“MORE TOMORROW”: SCOTT ROBINSON, “TENORMORE”

Scott Robinson isn’t a single flower; he’s a whole garden in bloom.  Each phrase he plays contains surprises: sounds and feelings he is intent on sharing with us.

He does so many things well that perhaps it’s hard for those of us who love him to sit down and contemplate him as he deserves.  Having heard him in person for fifteen years, I am always amazed.  He is brave; he is honest; he doesn’t coast.  Like him, his music is welcoming, never predictable; kind and energized.

His most recent CD, TENORMORE, is a great accomplishment, and it reflects his long love affair with the tenor saxophone, which he plays with more ardor and expertise than others who are better-known.  Unlike some of his recordings, it is narrow in its focus (“narrow” is a compliment here): he plays only that one horn, and there are four musicians with him: Helen Sung, piano, Hammond B3 organ; Dennis Mackrel, drums; Martin Wind, string bass and acoustic bass guitar; Sharon Robinson plays flute on THE WEAVER.

The disc starts in the most open way: a solo performance by Scott on the Lennon-McCartney song of my youth, AND I LOVE HER, which shows not only his full mastery of the horn but also his passion, controlled yet ferocious.  And from then you’re on your own: Scott’s music is too spacious to compartmentalize, although I know some listeners will be putting what they hear in tiny labeled boxes, but it would be both rude and reductive to do so.  I have written more briefly than usual of this CD because it’s too spacious for mere prose.

But what I hear on this disc is a wooing, playful love — for the horn, for the musics it can make — Scott’s deep feelings for the worlds he knows and those he wants us to imagine.  I particularly delight in his purring sweet PUT ON A HAPPY FACE, which feels like a kind arm around your shoulders when you feel low, and the dance he and wife Sharon perform on THE WEAVER.  Other standards, explored with care and daring, include THE NEARNESS OF YOU and THE GOOD LIFE, and original compositions are Martin Wind’s RAINY RIVER, Scott’s own TENOR ELEVEN, TENOR TWELVE, and the title song.

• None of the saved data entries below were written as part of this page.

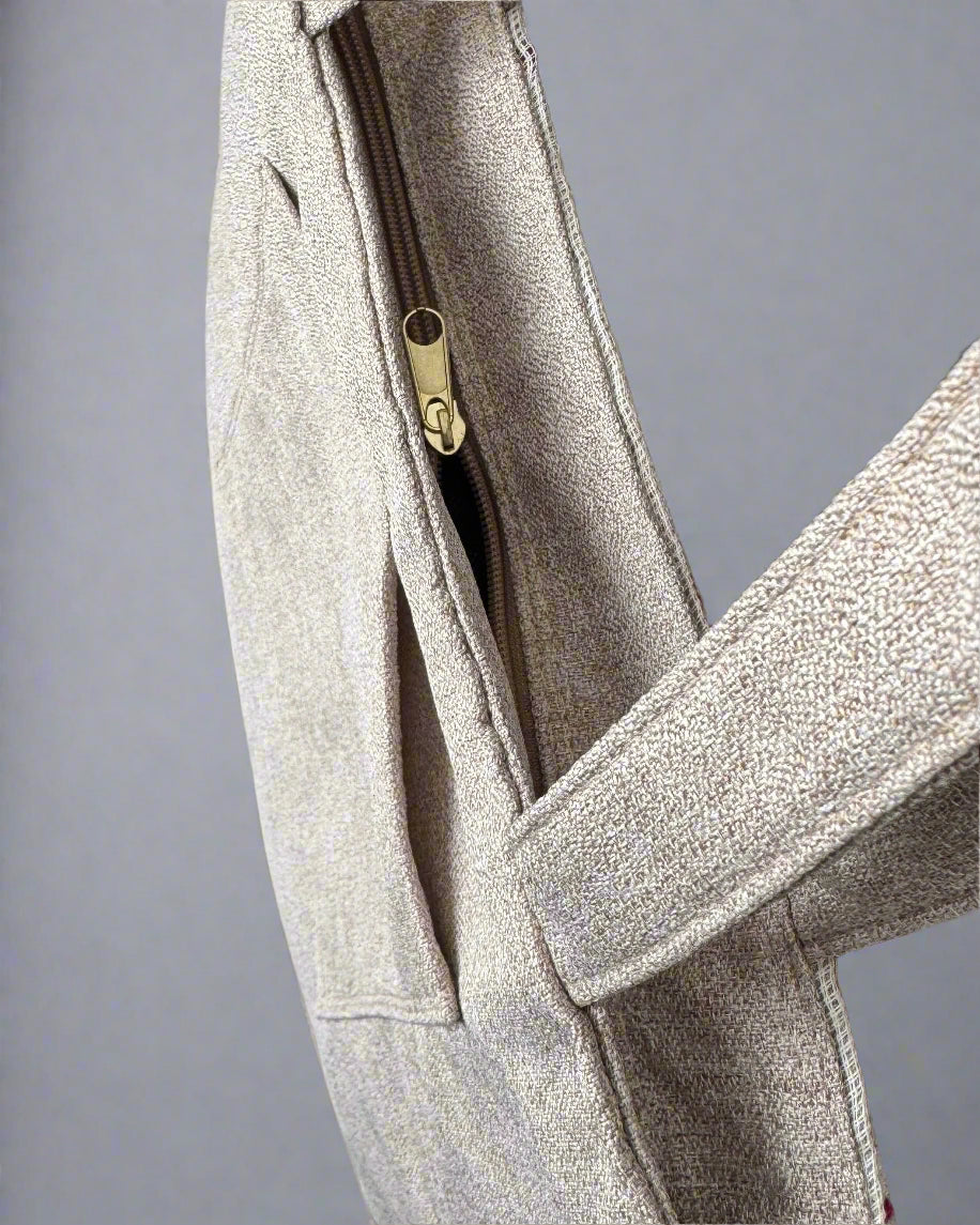 A practical tote with a heritage soul, this handmade tatreez bag features four delicate floral motifs at its center. The red embroidery tells a story of resilience and beauty, balanced against a beige back with zipper and pocket for everyday convenience.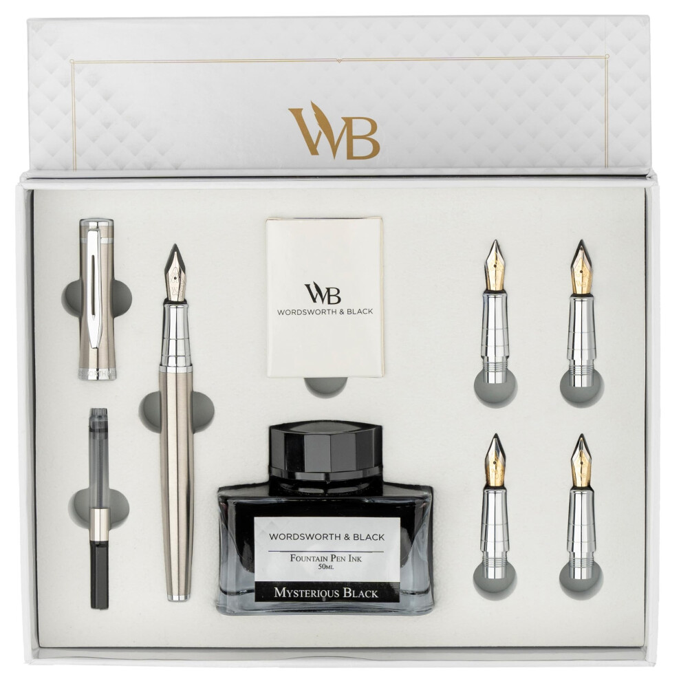 Wordsworth & Black Fountain Pen Set, Medium Nib, Includes 24 Ink Cartridges and Ink Refill Converter, Gift Case, Journaling,53.24Buy!£OnBuy.comDelivery: in United Kingdom ReportFeatures Elegant And Beauty, Made To Impress Everyone - Beautifully balanced metallic design adds a touch of modern class to your daily routine.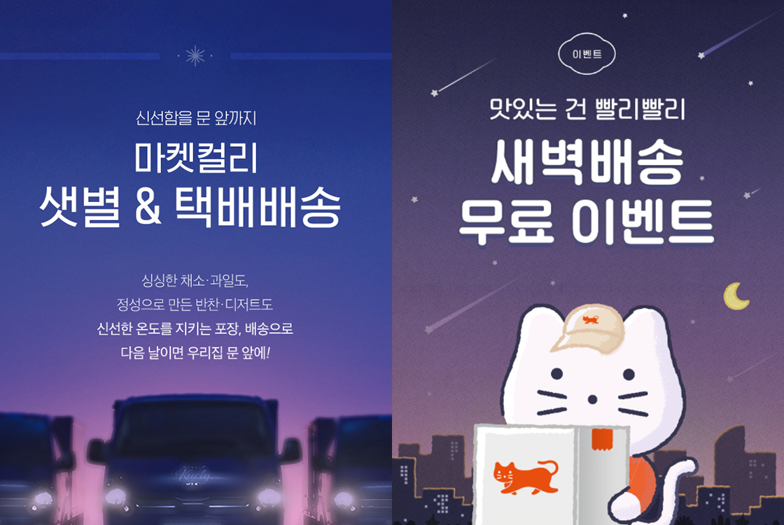 마켓컬리를 벤치마킹한 쿠캣마켓은 2020년 9월 25일 자정에 새벽 배송 서비스를 시작한 후발 주자입니다. 매일 오후 8시 이전 주문은 다음 날 오전 7시까지 배송을 진행하며, 공휴일에도 운영되는 것이 특징이죠. 아직은 새벽 배송이 초기 단계라 배송지역은 서울과 수도권에 한정돼 있지만 빠른 속도로 성장하고 있습니다. 쿠캣마켓은 지난 4월 회원 수 55만 명, 올 1분기 매출 93억 원을 기록했습니다.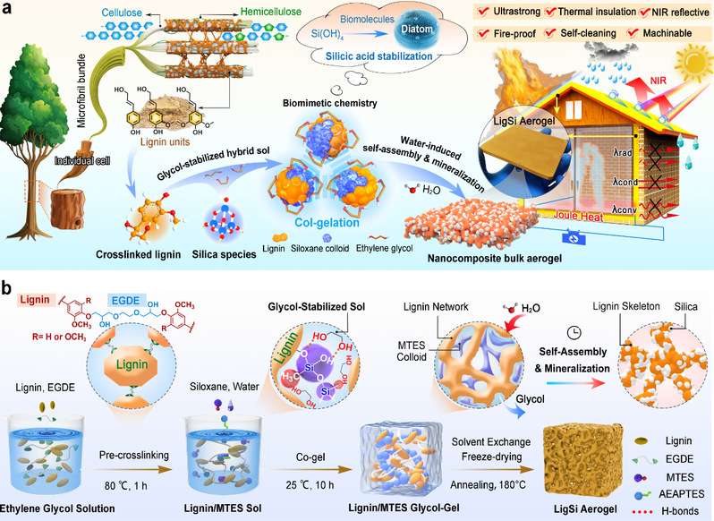 在硅藻中,硅酸缩合反应前的稳定化作用是通过生物分子(如多胺、多糖分子)干预非共价键相互作而完成的。受此启发,生物质材料·家居工程团队利用乙二醇作为仿生分子,成功稳定了交联木质素/硅氧烷共溶胶过程,并在此基础上通过“水诱导自组装&原位矿化”策略,成功制备了一种超强二氧化硅矿化木质素纳米复合气凝胶(LigSi)材料,该气凝胶具有可调节的多级微纳米结构和良好的机械加工性。优化后的LigSi具有比同类材料更高的比模量和比强度,并表现出优良的耐湿保温性、防火性、本征的自清洁/超疏水性以及近红外反射能力,因此在节能建筑领域具有潜在的应用前景。
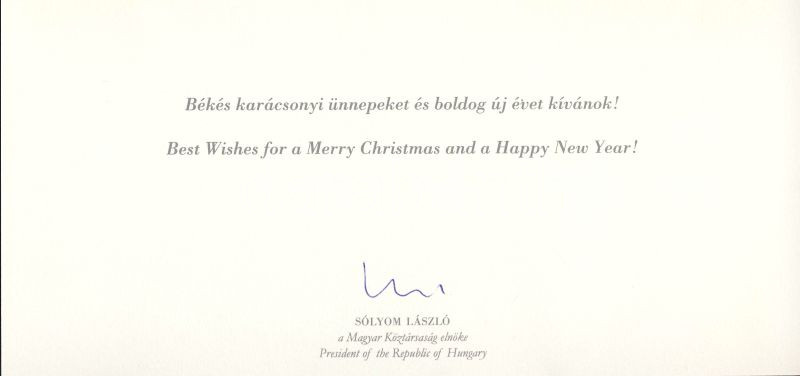 Leírás: Sólyom László köztársasági elnök aláírása üdvözlő kártyán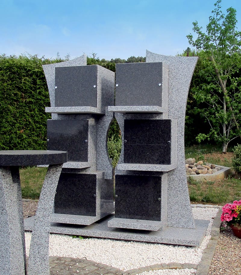 Le columbarium HOMBOURG, véritable chef-d’œuvre d’inspiration monolithique, se distingue par son design épuré et son empreinte au sol minimaliste. Idéal pour les espaces restreints, il répond parfaitement aux besoins des collectivités et des particuliers à la recherche d’une solution pratique et esthétique pour le dépôt des urnes funéraires.

But this will show and tell you more than I ever could:

TENORMORE is also a celebration of Scott’s 60th birthday.  Savor with me the pleasure of saying, “I share the planet with Scott Robinson.  My goodness, what a great thing that is!

And a postscript, just in: I saw this quotation on Facebook and instantly  thought of Scott and TENORMORE: We are slowed down sound and light waves, a walking bundle of frequencies tuned into the cosmos. We are souls dressed up in sacred biochemical garments and our bodies are the instruments through which our souls play their music.  The source?  Albert Einstein, violin.

May your happiness increase!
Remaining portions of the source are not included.